Wednesday, December 9, 2020

"Brideshead Revisited changed my life"

 That's a search string. I typed it in looking for a particular article that I found a while ago and wanted to comment on again. I did find it but I also found a whole lot of other links on the same theme. That shouldn't surprise as it changed my life too. I think I actually saw it first in the winter of 1982. Anyway, that's another post for another day.

The article that caught my attention was, ‘Brideshead Revisited’ changed my life. Can it work its magic on the ‘Downton Abbey’ generation? It appears in the Jesuit publication America. Alas, there is nothing particularly Jesuitical about it anymore; perhaps not surprising as there isn't much Jesuitical about the Jesuits anymore either.
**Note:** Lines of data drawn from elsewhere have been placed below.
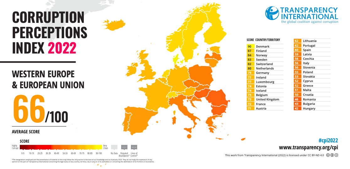 Only six of the 31 countries in the region have improved their scores, while seven have declined. The top scorers in 2022 were Denmark (CPI score: 90), Finland (87) and Norway (84).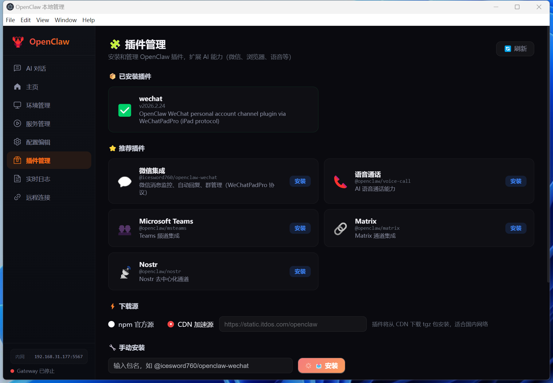 | **手动安装** | 输入 npm 包名,点击「安装」(如 `@icesword760/openclaw-wechat`) |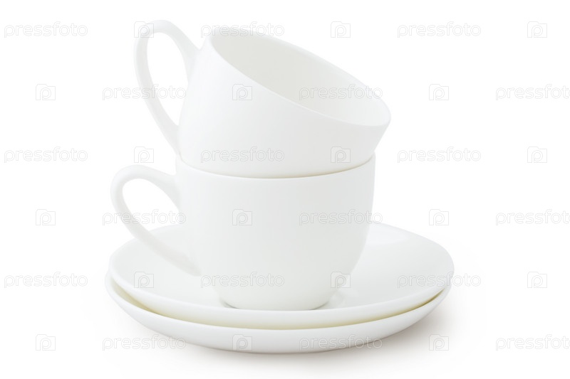Две белые чашки с блюдцами, изолированные на белом фоне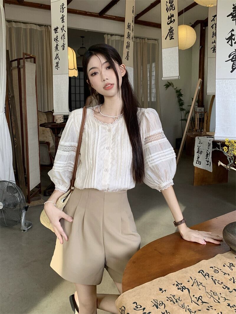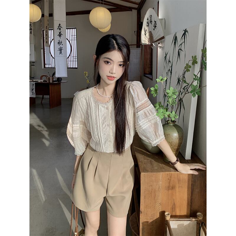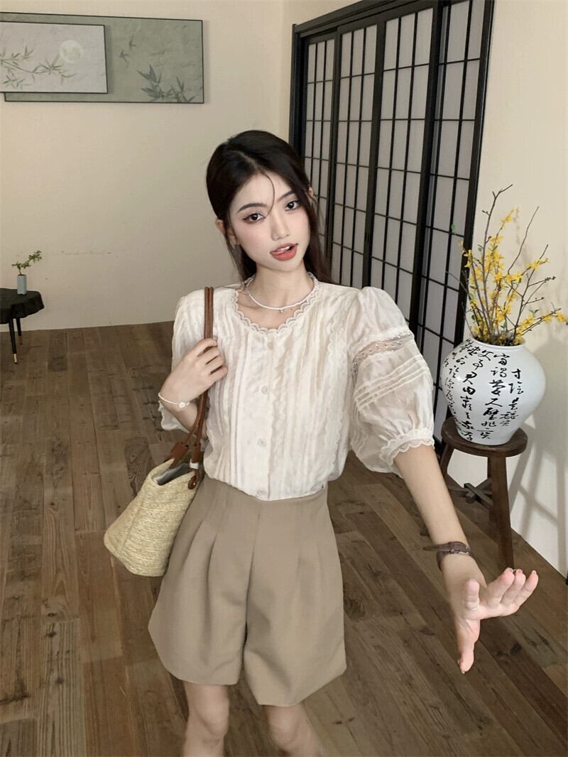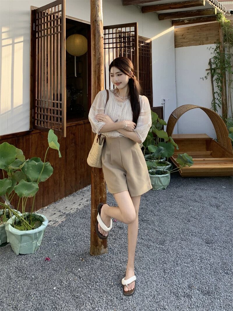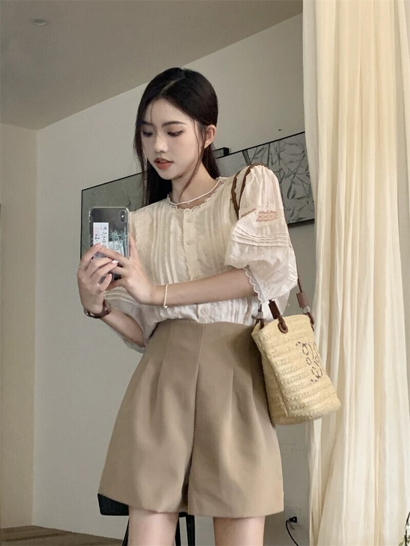 フレンチレース半袖シャツトップハイウエストワイドレッグスーツカジュアル5点パンツ女性の夏のファッションスーツ ハイウェスト サマー 夏物 missk94211259694

Luckily, the article is written by a Protestant, not a Jesuit, and it features the following brilliant insight:

A key thread of the novel is the Augustinian insight that our cravings for the delicious, fleeting experiences of the world—the things we feel, in our youth particularly, as love or pleasure—may lead us to sin, to excess or to addiction; but these seemingly superficial delights are signifiers of, even gateways to, the deeper felicities of creation.

That's right. Waugh was very much out of the decadent tradition. Is that really an Augustinian insight. Well, it's neo-Augustinian for sure and that's good enough for me.